On the other hand, consider the problem of showing that the Permanent of an nxn matrix requires arithmetic circuits of more than polynomial size. (Given a field F—which we’ll assume for this post is finite—an arithmetic circuit over F is a circuit whose only allowed operations are addition, subtraction, and multiplication over F, and that doesn’t have direct access to the bit representations of the field elements.)

The problem of circuit lower bounds for the Permanent is currently at the frontier of complexity theory. As we now know, it’s intimately related both to derandomizing polynomial identity testing and to the τ problem of Blum, Cucker, Shub, and Smale. Alas, not only can we not prove that Perm∉AlgP/poly (which is the street name for this conjecture), we don’t have any good excuse for why we can’t prove it! Relativization and algebrization don’t seem to apply here, since no one would think of using diagonalization-based techniques on such a problem in the first place. So that leaves us with natural proofs.

The theory of natural proofs, which was developed by Razborov and Rudich in 1993 and for which they recently shared the Gödel Prize, started out as an attempt to explain why it’s so hard to prove NP⊄P/poly (i.e., that SAT doesn’t have polynomial-size circuits, which is a slight strengthening of P≠NP). They said: suppose the proof were like most of the circuit lower bound proofs that we actually know (as a canonical example, the proof that Parity is not in AC0). Then as a direct byproduct, the proof would yield an efficient algorithm A that took as input the truth table of a Boolean function f, and determined that either:

  1. f belongs to an extremely large class C of “random-looking” functions, which includes SAT but does not include any function computable by polynomial-size circuits, or
  2. f does not belong to C.

(The requirement that A run in time polynomial in the size of the truth table, N=2n, is called constructivity. The requirement that C be a large class of functions — say, at least a 2-poly(n) fraction of functions — is called largeness.)

Razborov and Rudich then pointed out that such a polynomial-time algorithm A could be used to distinguish truly random functions from pseudorandom functions with non-negligible bias. As follows from the work of Håstad-Impagliazzo-Levin-Luby and Goldreich-Goldwasser-Micali, one could thereby break one-way functions in subexponential time, and undermine almost all of modern cryptography! In other words, if cryptography is possible, then proofs with the property above are not possible. The irony — we can’t prove lower bounds because lower bounds very much like the ones we want to prove are true — is thick enough to spread on toast.
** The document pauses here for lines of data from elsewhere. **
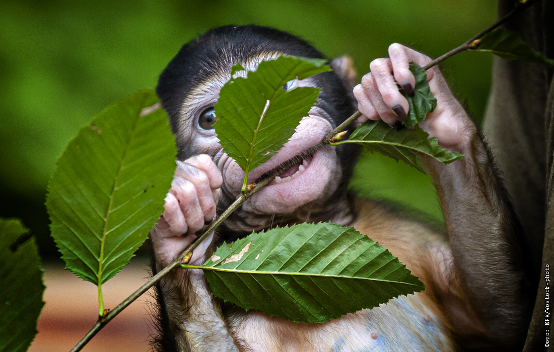Детеныш магота в зоопарке Вроцлава, Польша
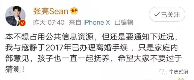 可惜的是这段婚姻并未美好下去,2019年张亮在社交平台上发文,宣布和寇静已在两年前办理离婚手续。
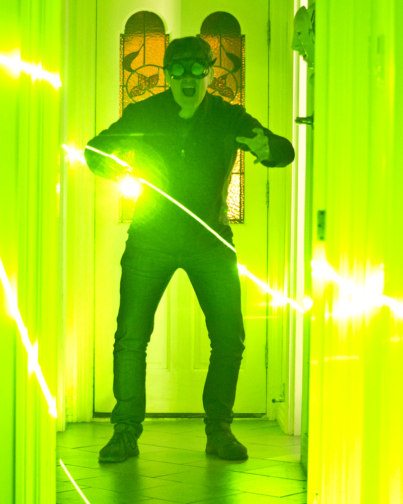 Spent some time last night working out camera settings and such for an upcoming night photography workshop, using a couple of budget laser pointers. Welding goggles and/or padding was worn under masks to keep eyes safe.
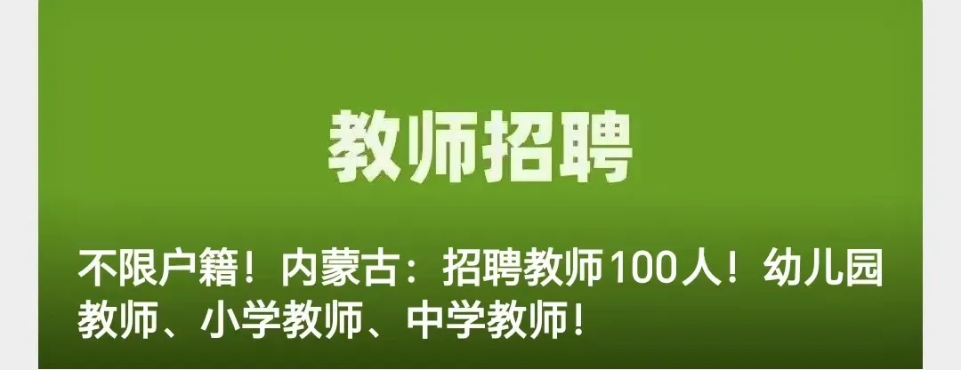 ➤点击查看:不限户籍!内蒙古:招聘教师100人!幼儿园教师、小学教师、中学教师!!
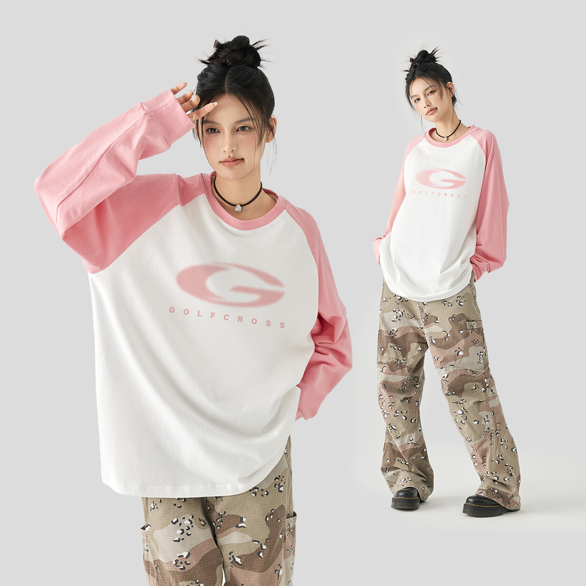 Футболка унисекс GOLFCROSS, белая и розовая
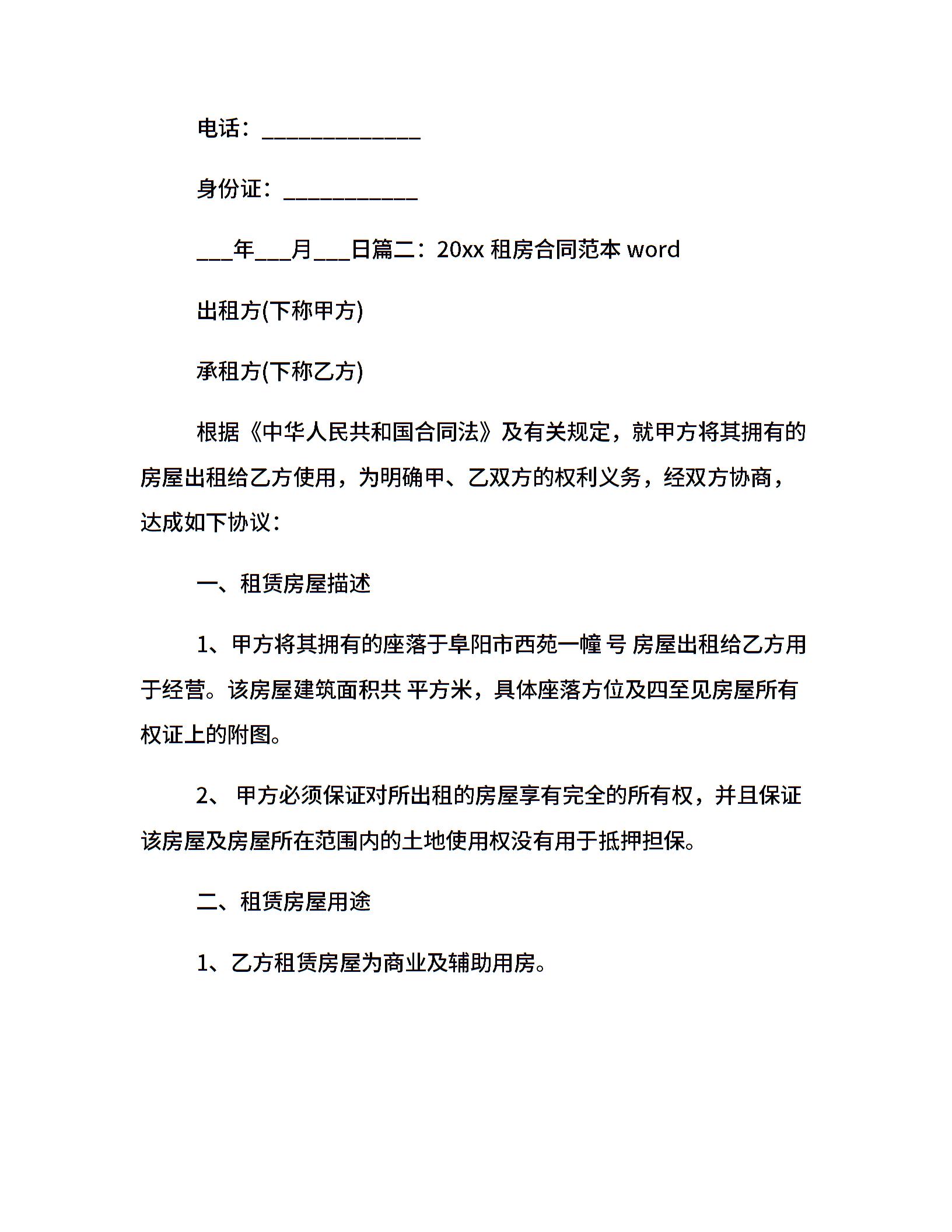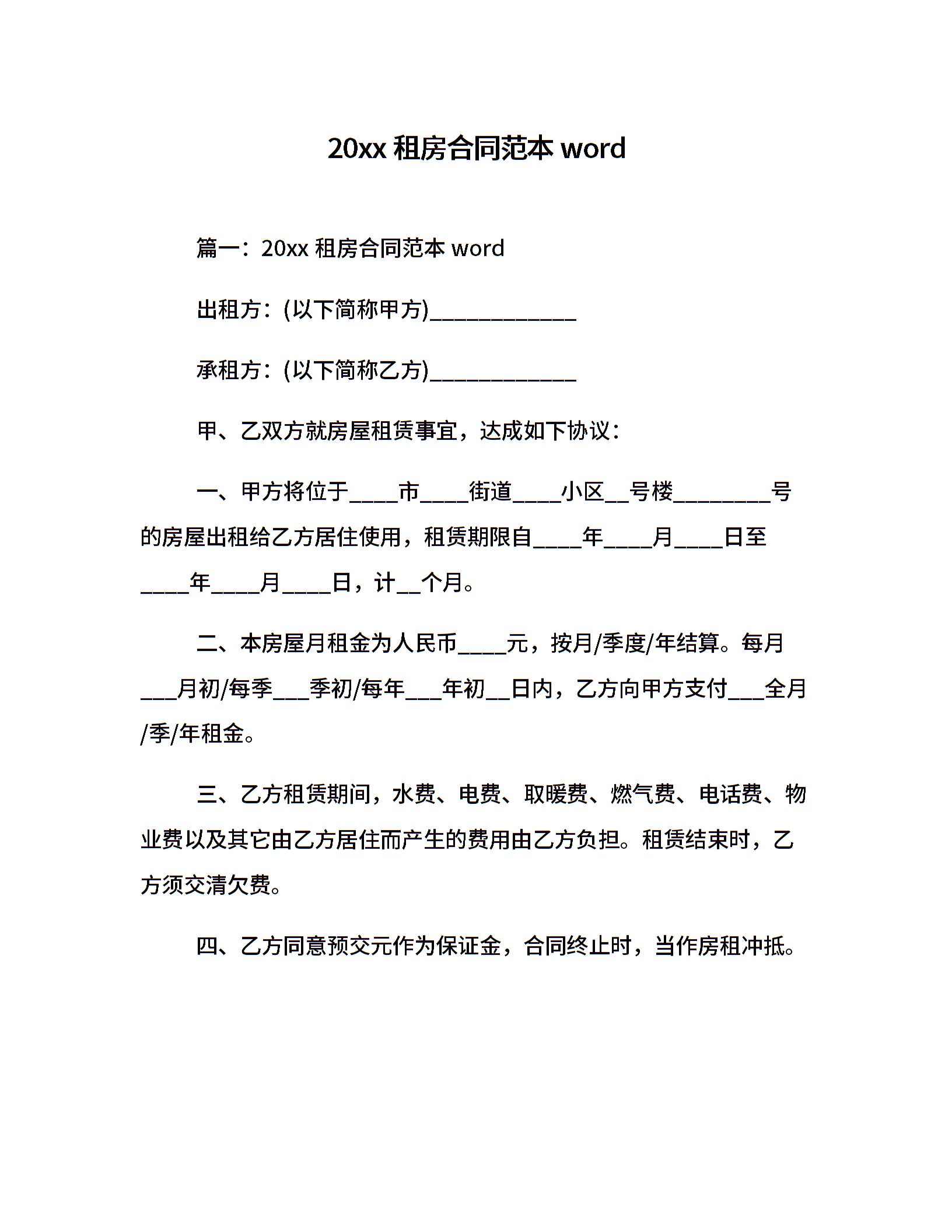 20xx租房合同范本word

Now suppose we tried to use the same argument to explain why we can’t prove superpolynomial arithmetic circuit lower bounds for the Permanent, over some finite field F. In that case, a little thought reveals that what we’d need is an arithmetic pseudorandom function family over F. More concretely, we’d need a family of functions gs:Fn→F, where s is a short random “seed”, such that:

  1. Every gs is computable by a polynomial-size, constant-depth (or at most log-depth) arithmetic circuit, but
  2. No polynomial-time algorithm, given oracle access to gs (for a randomly-chosen s), is able to distinguish gs from a random low-degree polynomial over F with non-negligible bias.

It’s important not to get so hung up on definitional details that you miss the substantive issue here. However, three comments on the definition seem in order.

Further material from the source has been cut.